YOUR OBJECTIVE
Each line of the data below goes into the copy exactly; pictures do not.

EXERCISE MATERIALS

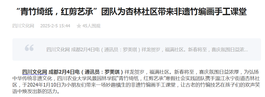 “青竹绮纸,红剪艺承”寒假社会实践团队携手温江永宁街道杏林社区,于2024年1月10日为小朋友们带来一场妙趣横生的非遗竹编画手工课堂,让古老的竹编技艺在孩子们的欢声笑语中焕发出新的活力。
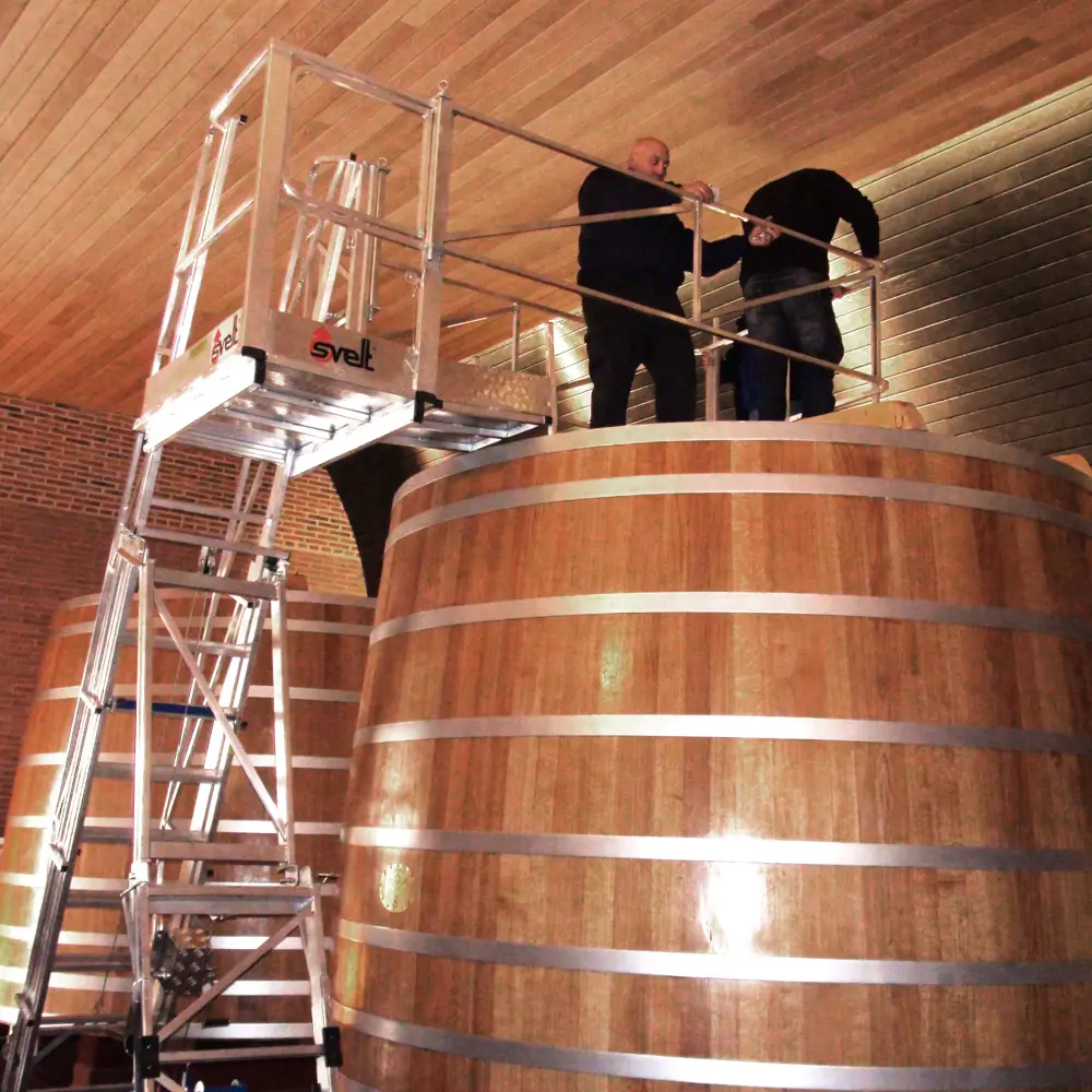 Ancora una volta abbiamo stupito il nostro cliente realizzando una scala telescopica ideale per le operazioni sui grandi tini e botti di vino. La scala si adatta in altezza a diverse tipi di botti. Inoltre è pieghevole per poter essere estratta dalla cantina e riposta in un apposito garage. lo sbarco laterale è consentito da un cancelletto con piattaforma a sbalzo. Il lavoro sul tino è protetto da un guardacorpo di 2 metri per 2 metri che avvolge l'operatore evitandone il rischio di caduta.
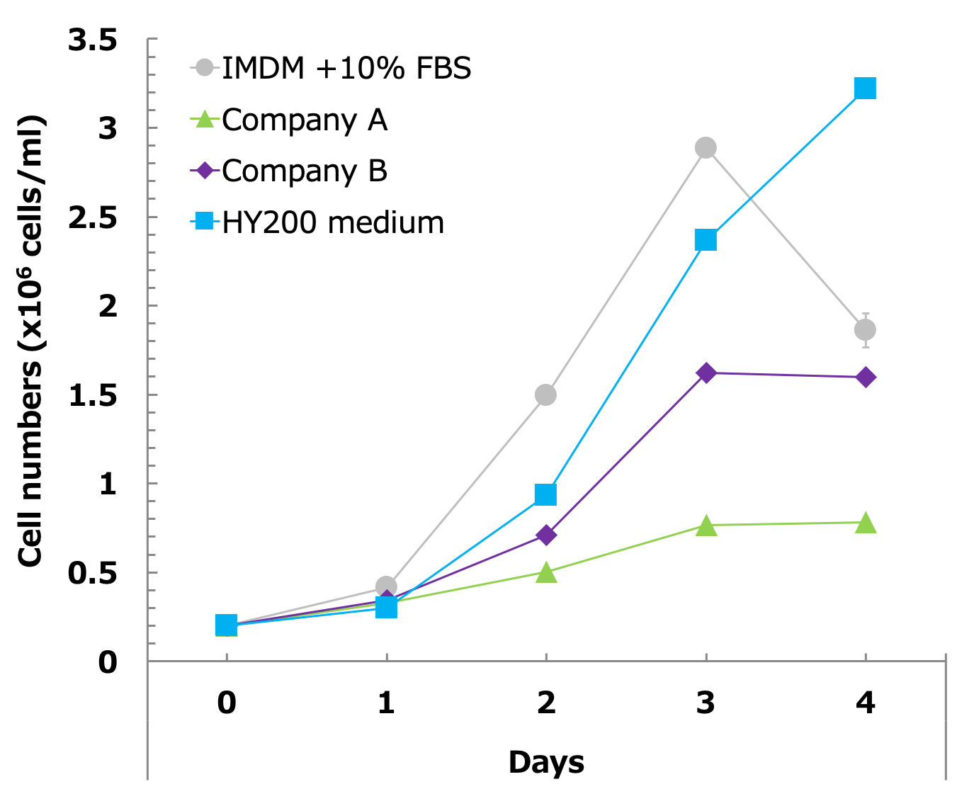 Mouse hybridoma 9E10 cells subcultured in IMDM with 10% FBS were directly inoculated at 2.0 x 10e5 cells/mL and incubated into HY200 medium (5 mL with 4 mM Gln), IMDM with 10% FBS (5 mL), or other commercial media (5 mL with 4 mM Gln) in T25 flasks at 37℃ and 5% CO2.
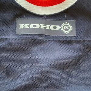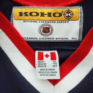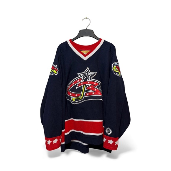Description: This vintage Koho hockey jersey features a bold navy body with a large Columbus Blue Jackets original (2000-2007) logo across the chest, detailed with stars and contrasting red, white, and yellow accents. It has a V-neck with red and white trim, team patches on both shoulders, and a striking red hem and cuffs decorated with white stars. Made from breathable, textured fabric with a roomy fit, it’s perfect for game day wear or adding to a fan collection.
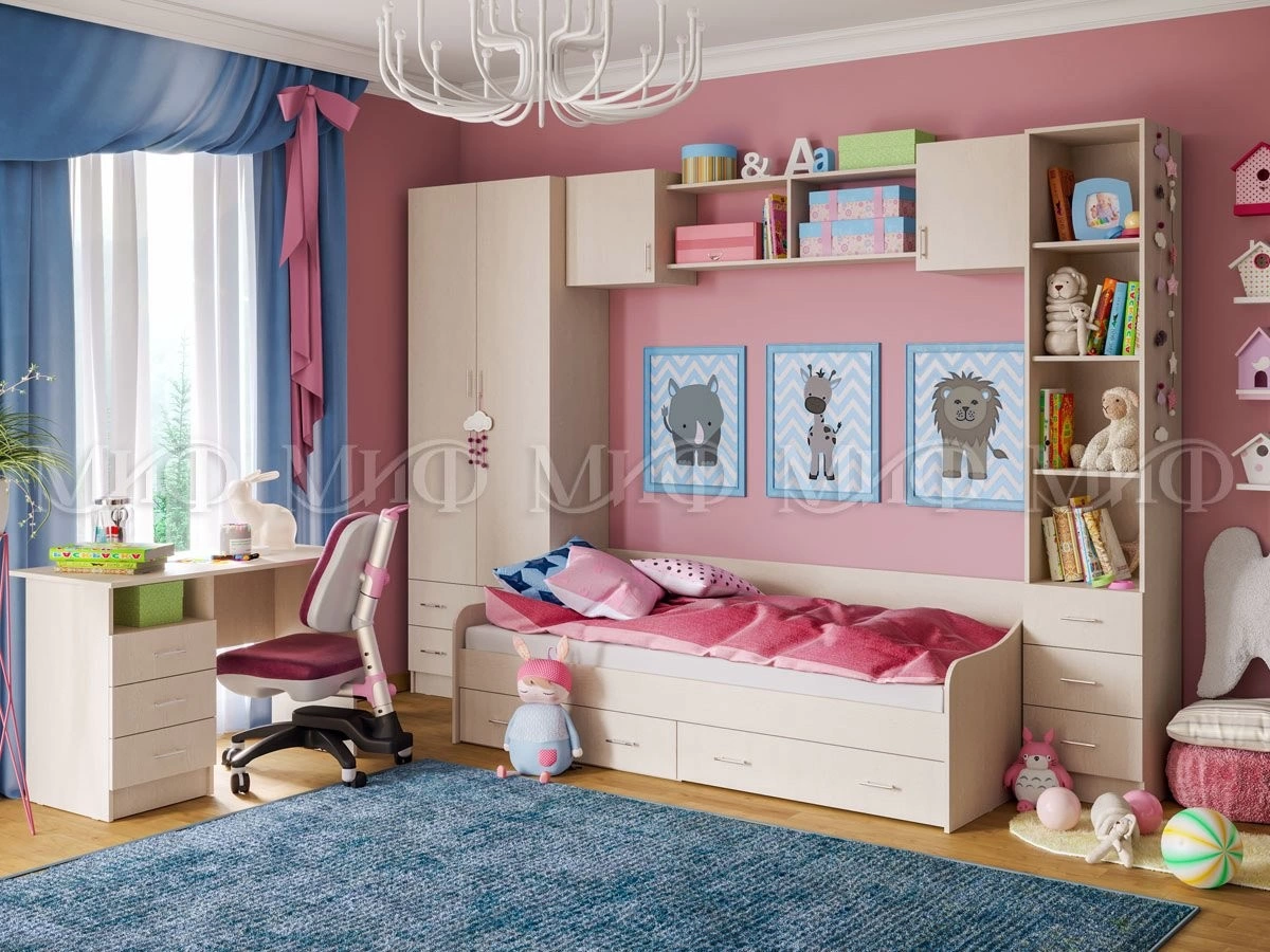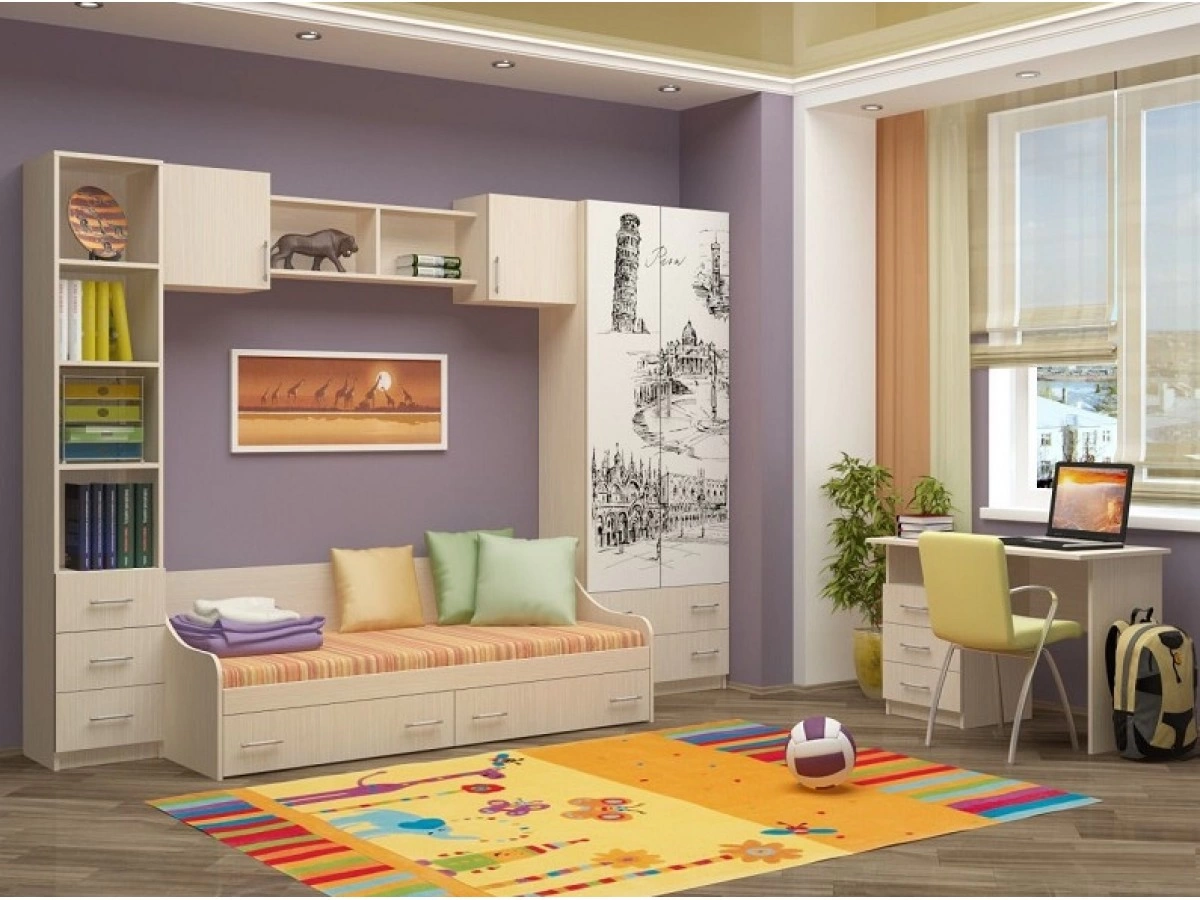 - Общие Габариты Детской: Ширина 3135 мм х Глубина 380 мм x Высота 2200 мм

EXERCISE ANSWER
 “青竹绮纸,红剪艺承”寒假社会实践团队携手温江永宁街道杏林社区,于2024年1月10日为小朋友们带来一场妙趣横生的非遗竹编画手工课堂,让古老的竹编技艺在孩子们的欢声笑语中焕发出新的活力。
 Ancora una volta abbiamo stupito il nostro cliente realizzando una scala telescopica ideale per le operazioni sui grandi tini e botti di vino. La scala si adatta in altezza a diverse tipi di botti. Inoltre è pieghevole per poter essere estratta dalla cantina e riposta in un apposito garage. lo sbarco laterale è consentito da un cancelletto con piattaforma a sbalzo. Il lavoro sul tino è protetto da un guardacorpo di 2 metri per 2 metri che avvolge l'operatore evitandone il rischio di caduta.
 Mouse hybridoma 9E10 cells subcultured in IMDM with 10% FBS were directly inoculated at 2.0 x 10e5 cells/mL and incubated into HY200 medium (5 mL with 4 mM Gln), IMDM with 10% FBS (5 mL), or other commercial media (5 mL with 4 mM Gln) in T25 flasks at 37℃ and 5% CO2.
Description: This vintage Koho hockey jersey features a bold navy body with a large Columbus Blue Jackets original (2000-2007) logo across the chest, detailed with stars and contrasting red, white, and yellow accents. It has a V-neck with red and white trim, team patches on both shoulders, and a striking red hem and cuffs decorated with white stars. Made from breathable, textured fabric with a roomy fit, it’s perfect for game day wear or adding to a fan collection.
 - Общие Габариты Детской: Ширина 3135 мм х Глубина 380 мм x Высота 2200 мм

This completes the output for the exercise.